EXERCISE AIM:
Reproduce the data below exactly. Skip the pictures.

STORED DATA:
== Segment start ==

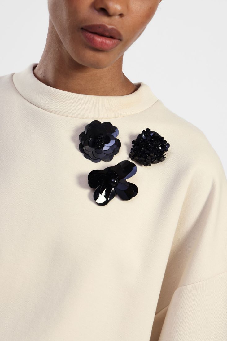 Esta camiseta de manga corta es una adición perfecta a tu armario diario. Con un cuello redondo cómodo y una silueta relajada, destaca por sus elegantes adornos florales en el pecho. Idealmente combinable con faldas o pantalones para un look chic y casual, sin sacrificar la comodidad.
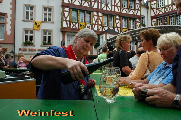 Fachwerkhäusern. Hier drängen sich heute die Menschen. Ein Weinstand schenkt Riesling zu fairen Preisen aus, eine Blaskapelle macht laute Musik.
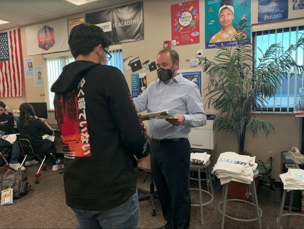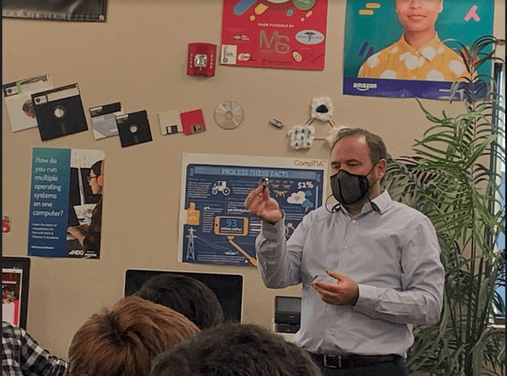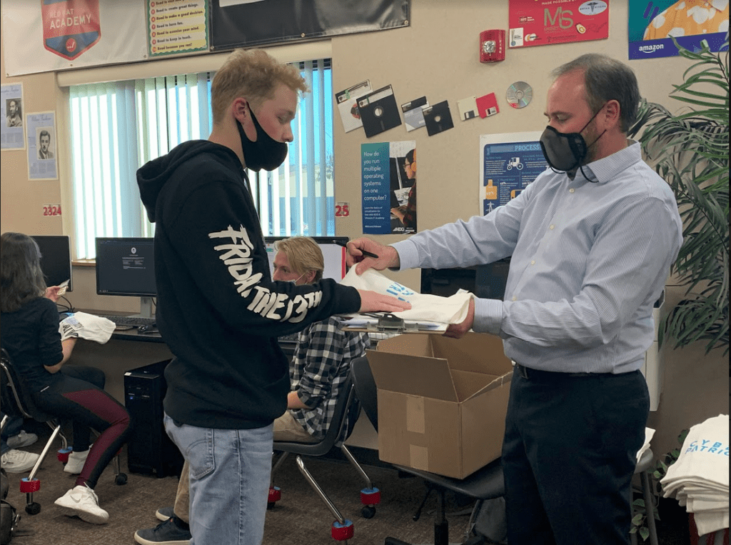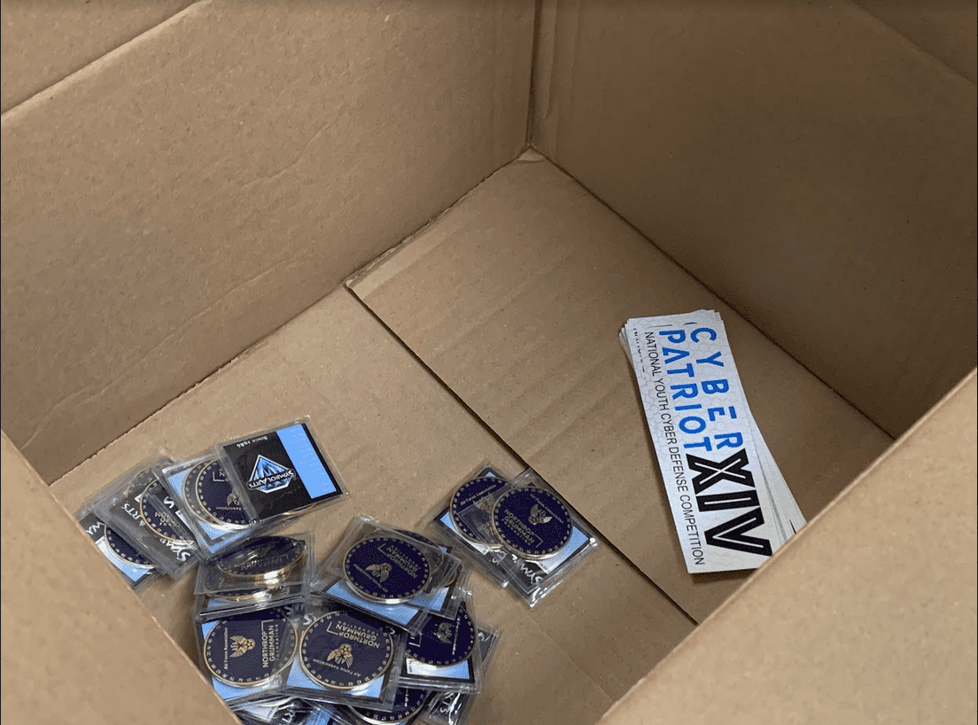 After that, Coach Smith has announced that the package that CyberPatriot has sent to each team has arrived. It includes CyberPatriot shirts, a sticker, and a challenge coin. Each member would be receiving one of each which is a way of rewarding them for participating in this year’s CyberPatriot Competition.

== Segment end ==

SOLVED PROBLEM:
 Esta camiseta de manga corta es una adición perfecta a tu armario diario. Con un cuello redondo cómodo y una silueta relajada, destaca por sus elegantes adornos florales en el pecho. Idealmente combinable con faldas o pantalones para un look chic y casual, sin sacrificar la comodidad.
 Fachwerkhäusern. Hier drängen sich heute die Menschen. Ein Weinstand schenkt Riesling zu fairen Preisen aus, eine Blaskapelle macht laute Musik.
 After that, Coach Smith has announced that the package that CyberPatriot has sent to each team has arrived. It includes CyberPatriot shirts, a sticker, and a challenge coin. Each member would be receiving one of each which is a way of rewarding them for participating in this year’s CyberPatriot Competition.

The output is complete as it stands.